Apple used several evaluation frameworks to test OpenELM’s performance. These frameworks focused on different aspects of the model’s capabilities, such as reasoning, knowledge understanding, and detecting misinformation and bias. The tests were comprehensive and covered a wide range of tasks.

The evaluations focused on standard zero-shot tasks (e.g., ARC, BoolQ, HellaSwag, PIQA, SciQ, WinoGrande), tasks from the OpenLLM and LLM360 leaderboards (e.g., ARC Challenge, HellaSwag, MMLU, TruthfulQA, WinoGrande, CrowS-Pairs, RACE), and few-shot settings where the model was provided with a small number of examples to adapt to specific tasks.

The results of pre-training for OpenELM are highly impressive. Across various evaluation frameworks and tasks, OpenELM consistently outperformed comparable open language models pre-trained on publicly available datasets. For instance, an OpenELM variant with 1.1 billion parameters achieved remarkable accuracy improvements of 1.28% on standard zero-shot tasks, 2.36% on the OpenLLM leaderboard tasks, and 1.72% on the LLM360 tasks in comparison to OLMo (1.2 billion parameters), while using only half of the pre-training data.

Instructional Fine Tuning 

Apple utilized instruction tuning, a technique that involves refining the model on a dataset of prompts and desired outputs, to further enhance OpenELM’s capabilities. 

To carry out this process, the researchers employed the UltraFeedback dataset, which includes 60,000 prompts. The outcomes of this tuning were quite impressive, with OpenELM demonstrating a consistent improvement of 1-2% in its average accuracy across different evaluation frameworks and model sizes.

Parameter Efficient Fine Tuning (PEFT)

Apple researchers have explored the use of parameter-efficient fine-tuning (PEFT) techniques such as LoRA and DoRA, in addition to instruction tuning, for OpenELM.

PEFT methods aim to fine-tune language models with fewer trainable parameters, reducing computational requirements and memory usage. The researchers conducted fine-tuning experiments on the CommonSense reasoning benchmark, which includes 170,000 training samples across eight multiple-choice datasets. 

OpenELM was integrated with LoRA and DoRA, and the results showed that PEFT methods can be successfully applied to OpenELM. Both LoRA and DoRA delivered comparable performance on average across the given CommonSense reasoning datasets. This finding demonstrates the versatility of OpenELM and its compatibility with state-of-the-art techniques for efficient and scalable fine-tuning, which can expand its potential applications in resource-constrained environments.

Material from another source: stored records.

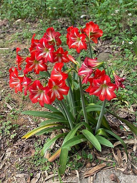今天走在路上沿途享用的是春天的綠,總也有些紅花配色!孤挺花+一地的木棉花+一隻可愛的小東西!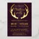 Reindeer Antlers Modern Burgundy Christmas Party Foil Invitation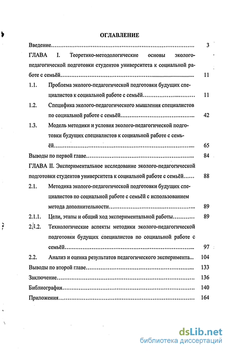 ГЛАВА I. Теоретико-методологические основы эколого-педагогической подготовки студентов университета к социальной работе с семьёй 11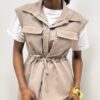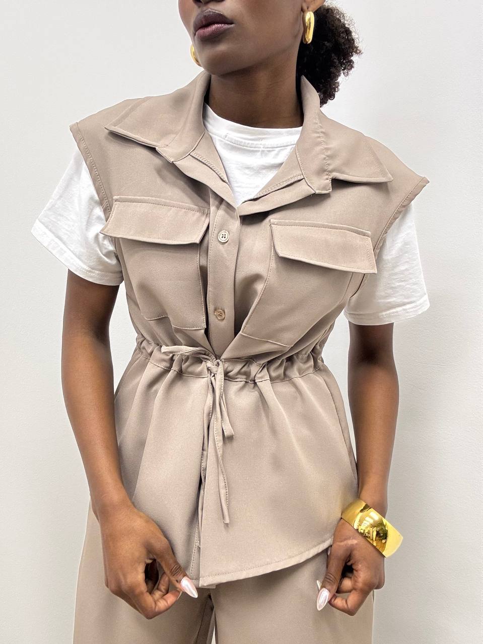 La camicetta smanicata presenta un taglio leggero e femminile, arricchito da finte taschine centrali che donano un tocco di stile. L’elasticizzazione in vita valorizza la silhouette, garantendo al tempo stesso comfort e vestibilità.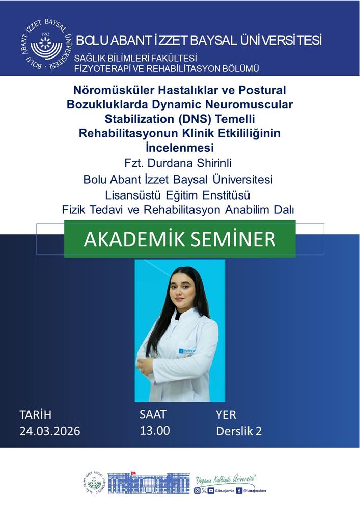 "Nöromüsküler Hastalıklar ve Postural Bozukluklarda Dynamic Neuromuscular Stabilization (DNS) Temelli Rehabilitasyonun Klinik Etkililiğinin İncelenmesi" Akademik Semineri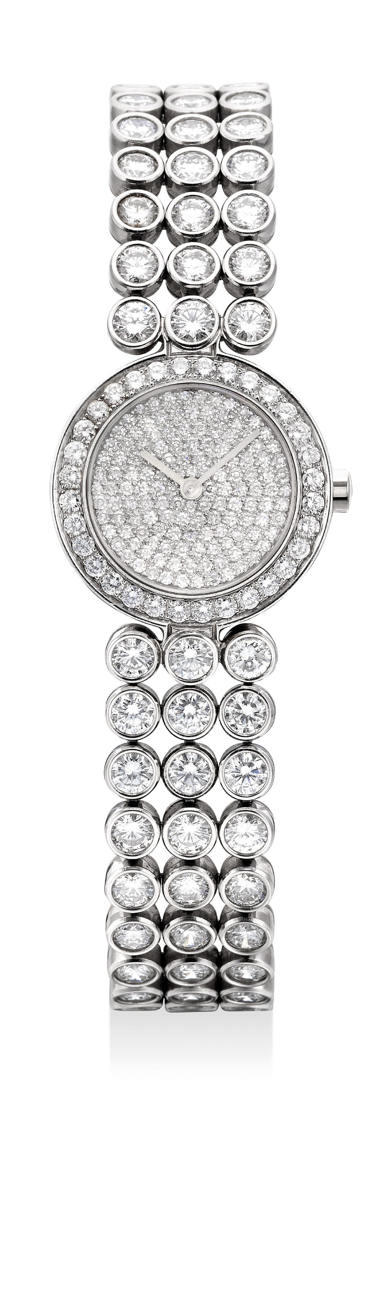 A ladies fine and elegant platinum and diamond-set wristwatch with diamond-set
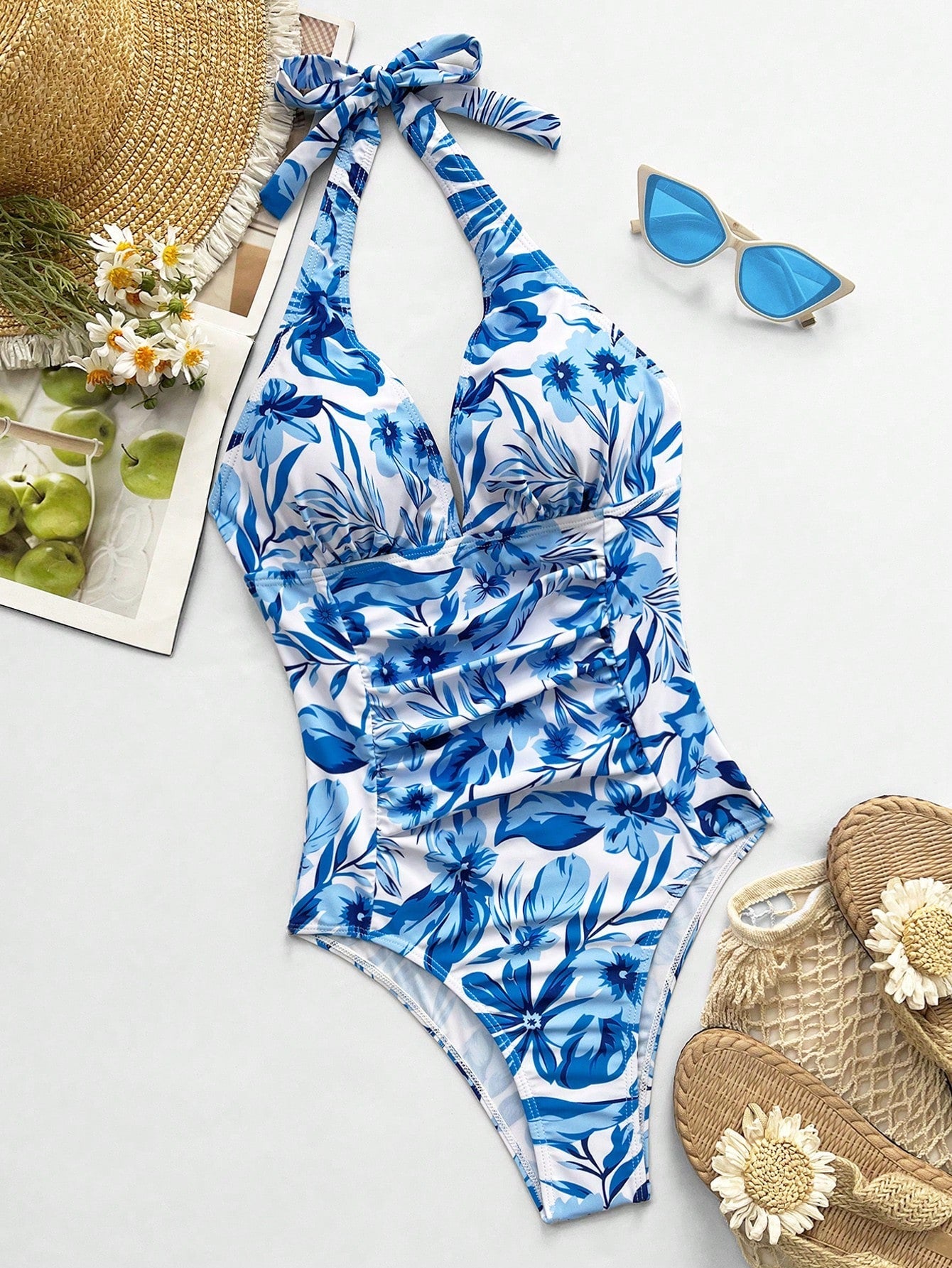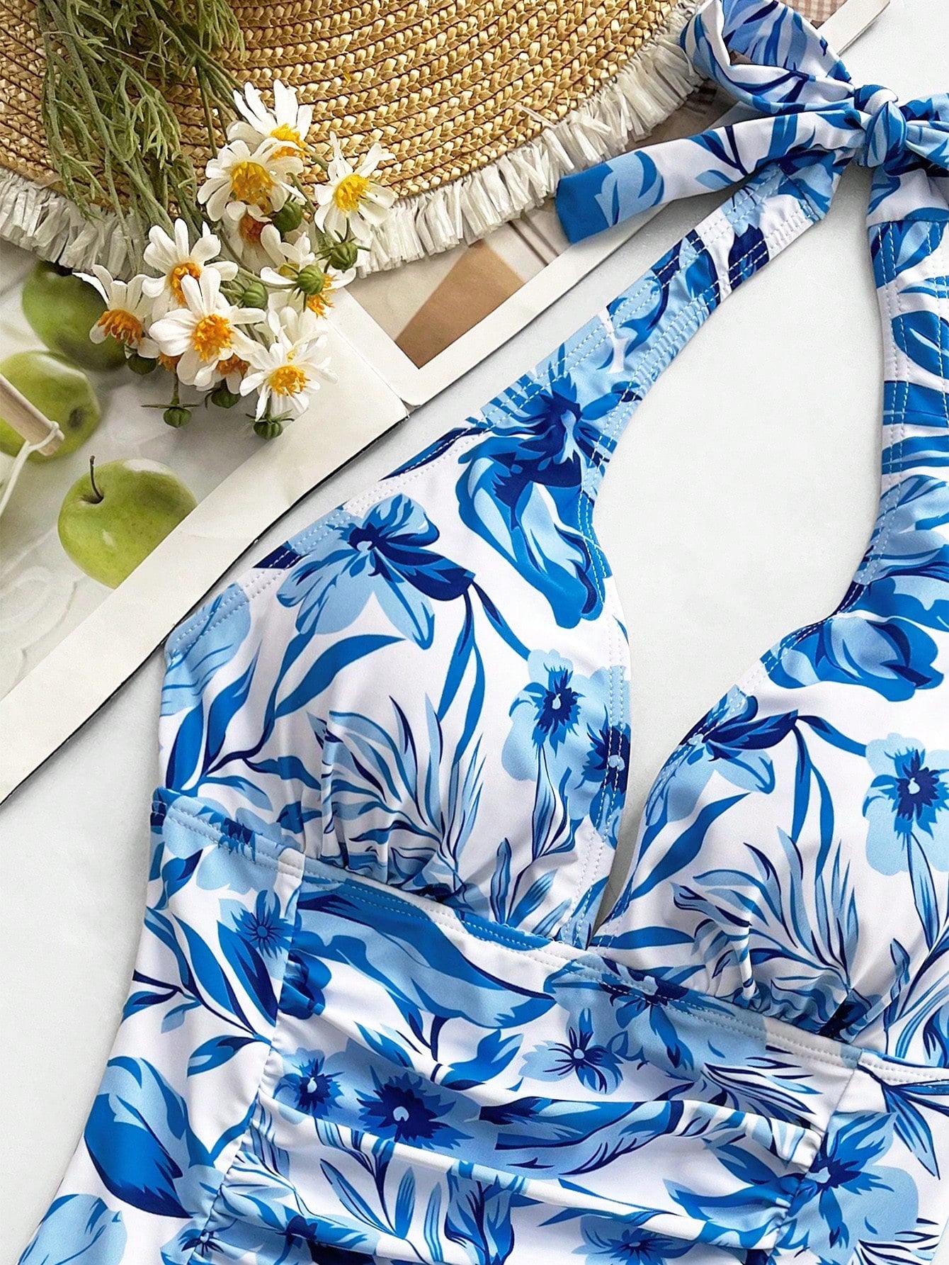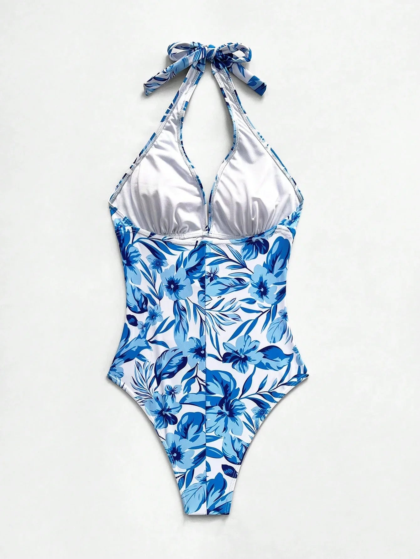 Descubre la mezcla perfecta entre elegancia tropical y soporte con este traje de baño entero tropical azul y blanco. Su estampado integral de hojas y flores en tonos vibrantes de azul sobre fondo blanco le da un aire fresco y veraniego, ideal para tus días bajo el sol. El escote halter con copas push up realza el busto de forma natural, mientras que el corte completo ofrece una silueta estilizada.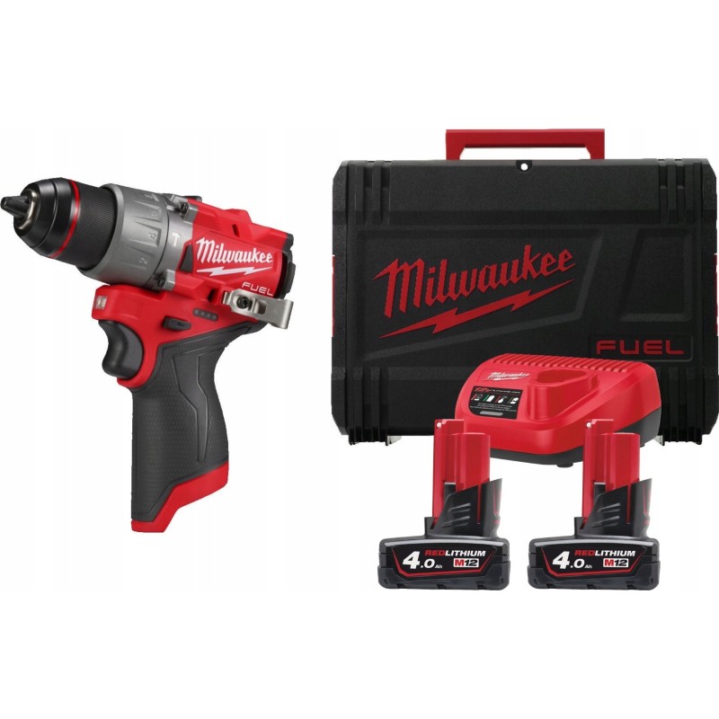 - W zestawie: 1x wiertarko-wkrętarka M12 FPD2, 2x akumulator 4.0Ah M12B4, 1x ładowarka C12C, 1x walizka HD BOX

Benchmarking and Performance Analysis

To validate OpenELM’s performance and efficiency, Apple conducted comprehensive benchmarking and evaluation studies on modern, consumer-grade hardware, including an NVIDIA RTX 4090 GPU and Apple’s proprietary M2 Max system-on-chip

Evaluation Methodology

The benchmarking analysis centered on two crucial aspects of token throughput – prompt processing (pre-fill) and token generation. These measurements offer valuable insights into the model’s performance in real-life scenarios, where prompt comprehension and text generation are critical. The researchers conducted several runs to guarantee precise and consistent measurements, including warm-up passes and caching techniques.

Throughput Results 

The results revealed that OpenELM demonstrated higher accuracy for a similar parameter count compared to other models. However, its inference speed was slightly slower than that of OLMo, an open-source large language model (LLM) developed by the Allen Institute for AI (AI2). The researchers also found that a significant portion of OpenELM’s processing time was due to the RMSNorm layer used for normalization, which was implemented in a naive way.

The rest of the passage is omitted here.